“You need no more to begin with. Four men may revolutionize the world.”
William Lloyd Garrison
Popular History of Black Rights in North America
Popular history often centres around two main political and social figures with reference to championing the rights of blacks in North America over the past 150 years – Abraham Lincoln and Martin Luther King Jr.
The research conducted initially explored those who helped Lincoln and King in attaining their milestones moments i.e. the Emancipation Proclamation (year) and the ‘I Have a Dream’ speech given at the March on Washington in (year) respectively. Through this exploration, it became evident that there were many people who aided the progression of black rights prior to the Emancipation Proclamation’s signing.
So, given that there were people championing black rights before Lincoln who were they and how did they go about it? Did they make a significant impact in North American black abolitionism?
Given the sheer volume of citizenry willing to participate in the black abolitionism movement, I have considered one, William Lloyd Garrison, a white, middle-class man, to be the most influential in the years approaching the United States Civil War (the years 1831 to 1860). The question then remained, how did my research into Garrison lead me into arguing that he was the most influential?
William Lloyd Garrison: A resume
Through further investigation of his name, William Lloyd Garrison appears in most black abolitionist books (I cannot argue all books as I undoubtedly have not read them all!) which peaked my interest in learning more about him. From here I presented an argument that encompassed the following:
- He created the most successful black abolitionist newspaper in American history called The Liberator that allowed people of all races, genders and education to talk about abolitionist matters.
- He successfully garnered the support of fellow citizens in the abolitionist movement with numbers that were unprecedented.
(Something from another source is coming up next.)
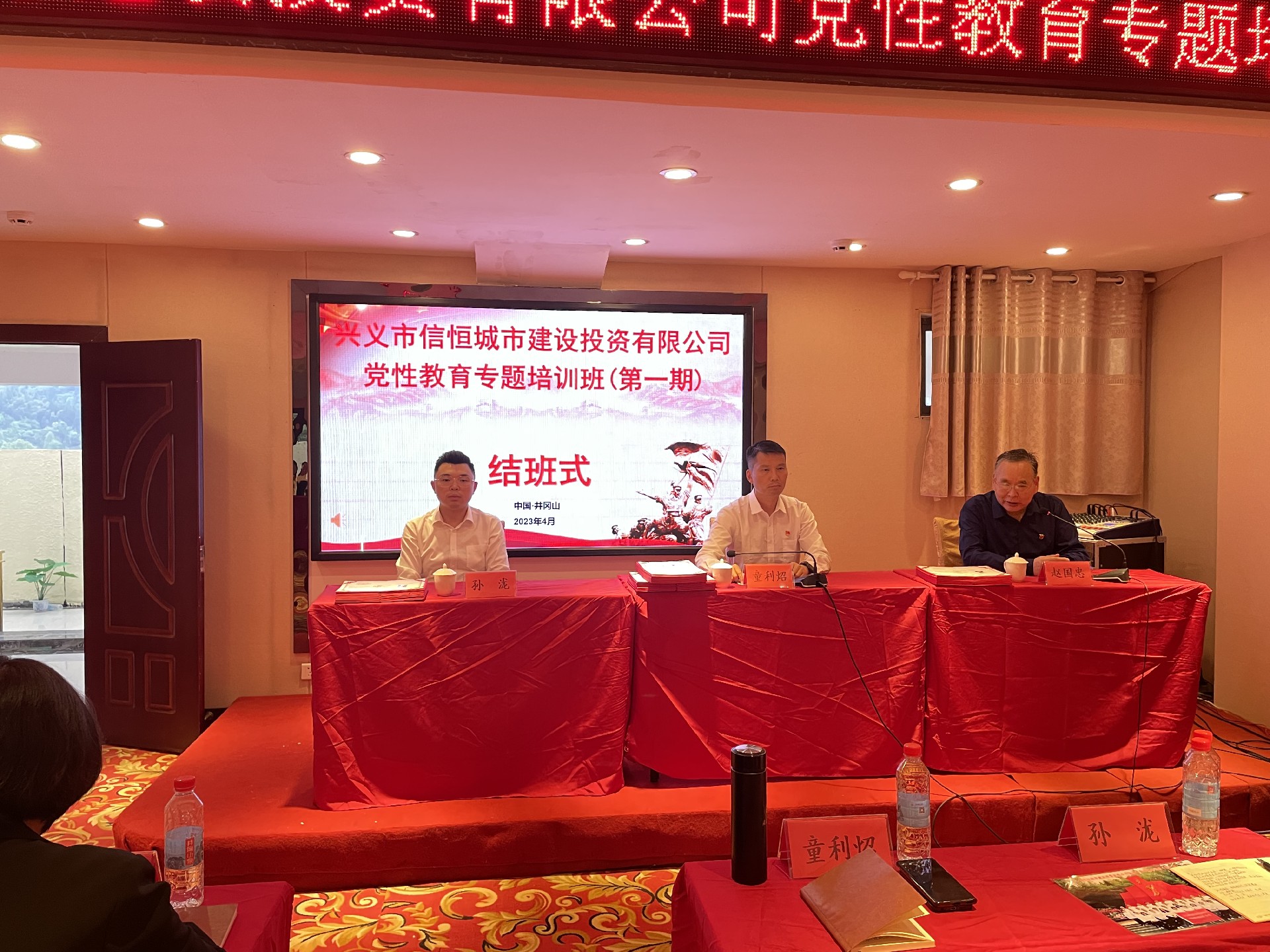 市信恒城投公司紀(jì)檢委員童利炤、副總經(jīng)理孫瀧同志、井岡山干部學(xué)院特聘教授趙國忠為大家頒發(fā)結(jié)業(yè)證書。

- He produced many literary works that were highly influential in manifesting a culture of empathy for African Americans most notably in his Address Delivered before the Free People of Colour (which was distributed in three editions over the span of two years) and his Thoughts on African Colonization.
Love him or hate him? –Why can’t everyone just get along?!
Garrison was often a polarizing figure, although he and his publications were predominantly in the northern or Union/’Yankee’ states of North America, he encountered opposition within these states in addition to the southern Confederate states. Like most controversial historical figures, Garrison earned his stripes quite literally through his arrest and imprisonment in Baltimore for defaulting on a fine payment after he slandered the use of slave vessels in the north (Baltimore was a centre for slave trading).
It is interesting to note the paradox in the opposition to Garrison’s movement. Garrisonians and Tappanites held contrasting views as to how to best approach abolitionism. Garrison’s views on abolitionism were viewed as radical for two reasons: he was strict in only supporting a government that forbade enslavement in its constitution and he would only pursue a movement that was non-resistant in nature. Lewis and Arthur Tappan, originally members of the Garrisonian wing of abolitionism, split from Garrison in belief they could best serve the movement by converting a government party to be known as the ‘Liberty Party’.
Does this remind you of 20th century black civil rights contrasts? It should!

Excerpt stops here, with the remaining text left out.